Thanks tinyliny. She is a cutie and she will try to ham up to you, but she learned a young age what will not be tolerated. I want her to be a well mannered horse when she is older. Plus i personally can not stand when a horse is pushing and disrespectful. My mother has a Haffie that is just a brat and I can't stand it.


----------



## 2horses (Oct 11, 2009)

No critique from me, but I had to say that she is absolutely adorable. Haffies are irresistible, and the Gypsy cross just makes her even cuter. I think I want to steal her!


----------



## stevenson (Sep 12, 2011)

she is just a doll !! I dont think her weight is an issue, considering her breed. Those are kinda chunky horses and drafts of any size are not meant to look like a TB .  She will tone up with line driving or round pen work.


----------



## Skyseternalangel (Jul 23, 2011)

ladygodiva1228 said:


> The three of them get 25lbs of hay in the morning and 25lbs at night. It is scattered around the paddock in several piles. She will eat for a little bit then run around playing with her ball, then go eat some more and then go play. Unlike the two adults who will not move their heads out of a pile until it is gone.


What's her paddock like? You group feed via piles, which is near impossible to manage her weight then. 

Well if I had a horse like her, I'd make changes so she was at a healthier weight.

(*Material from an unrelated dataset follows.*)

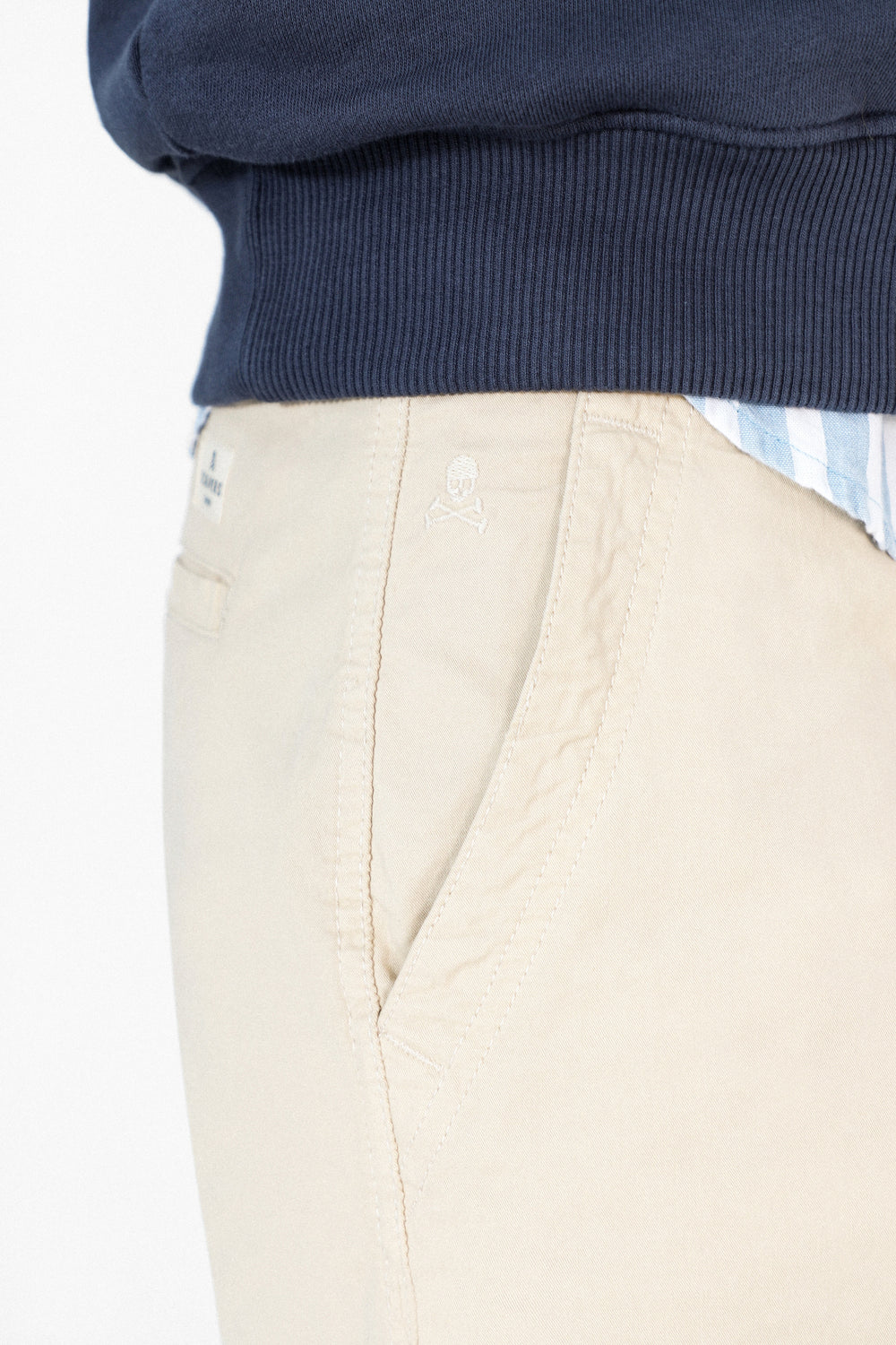 Bermudas confeccionadas en tejido 100% algodón. Corte Regular Fit y cierre con botones. Tiene bolsillos laterales y bolsillos traseros. Tiene trabillas.

But it's your horse, your chioce.


----------



## ladygodiva1228 (Sep 5, 2012)

Skyseternalangel said:


> What's her paddock like? You group feed via piles, which is near impossible to manage her weight then.
> 
> Well if I had a horse like her, I'd make changes so she was at a healthier weight. But it's your horse, your chioce.


 
One big dirt paddock that has some hills. We are expanding it this Fall, but until then she is stuck in that one. 

It looks like she will be getting worked more to help burn off some of those extra calories. I would hate to see what she would look like if I didn't take her off grain. 

I have a feeling she is going to be the one who gets ridden the most when the time comes.


----------